Automating Edge-to-cloud Workflows for Science: Traversing the Edge-to-cloud Continuum with Pegasus

2nd ACM/IEEE International workshop on Cloud-to-Things continuum: towards the convergence of IoT, Edge and Cloud Computing (Cloud2Things 2022), Taormina, Messina Italy, May 2022. (Best Paper Award)

Abstract

High-performance computing (HPC) systems, and more recently clouds, have been the standard execution platforms for large scale scientific workflows. The development of workflow management system (WMS) software, which orchestrates the execution of such workflows, has focused on enabling automated and efficient execution on these traditional platforms. The recent emergence of the Internet of Things (IoT) and of applications, which demand low latency, big data processing capabilities, and increased privacy constraints has heralded a new computing paradigm, namely edge computing. In order to enable scientists to easily incorporate edge resources into their computational workflows, WMS need to extend their capabilities in terms of scheduling jobs to these new resources and in terms of moving data from and to the edge. In this paper, we describe how we extended the Pegasus Workflow Management System to support edge-to-cloud workflows in an automated fashion.
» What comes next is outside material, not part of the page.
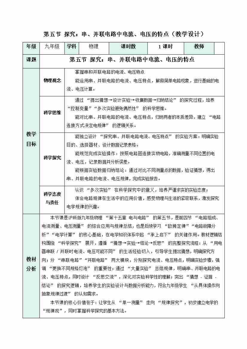 第五节 探究:串、并联电路中电流、电压的特点(教学设计)物理沪科版2024九年级全一册
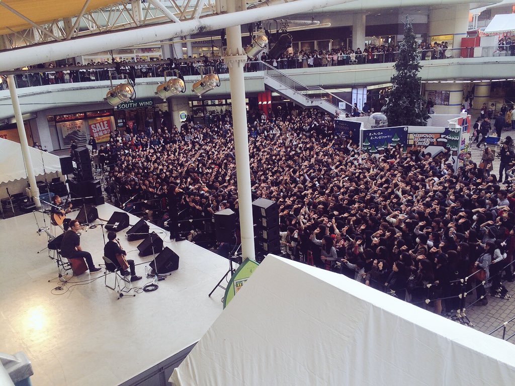 Photos of SPYAIR at Osaka's Senri Serushī 1F Serushi Hiroba today as part of their 2nd free live & high touch event

We discuss how Pegasus and HTCondor (its job scheduler) work together to enable this automation. We use HTCondor to form heterogeneous pools of compute resources and Pegasus to plan the workflow onto these resources and manage containers and data movement for executing workflows in hybrid edge-cloud environments. We then show how Pegasus can be used to evaluate the execution of workflows running on edge only, cloud only, and edge-cloud hybrid environments. Using the Chameleon Cloud testbed to set up and configure an edge-cloud environment, we use Pegasus to benchmark the executions of one synthetic workflow and two production workflows: CASA-Wind and the Ocean Observatories Initiative Orcasound workflow, all of which derive their data from edge devices. We present the performance impact on workflow runs of job and data placement strategies employed by Pegasus when configured to run in the above three execution environments. Results show that the synthetic workflow performs best in an edge only environment, while the CASA-Wind and Orcasound workflows see significant improvements in overall makespan when run in a cloud only environment. The results demonstrate that Pegasus can be used to automate edge-to-cloud science workflows and the workflow provenance data collection capabilities of the Pegasus monitoring daemon enable computer scientists to conduct edge-to-cloud research.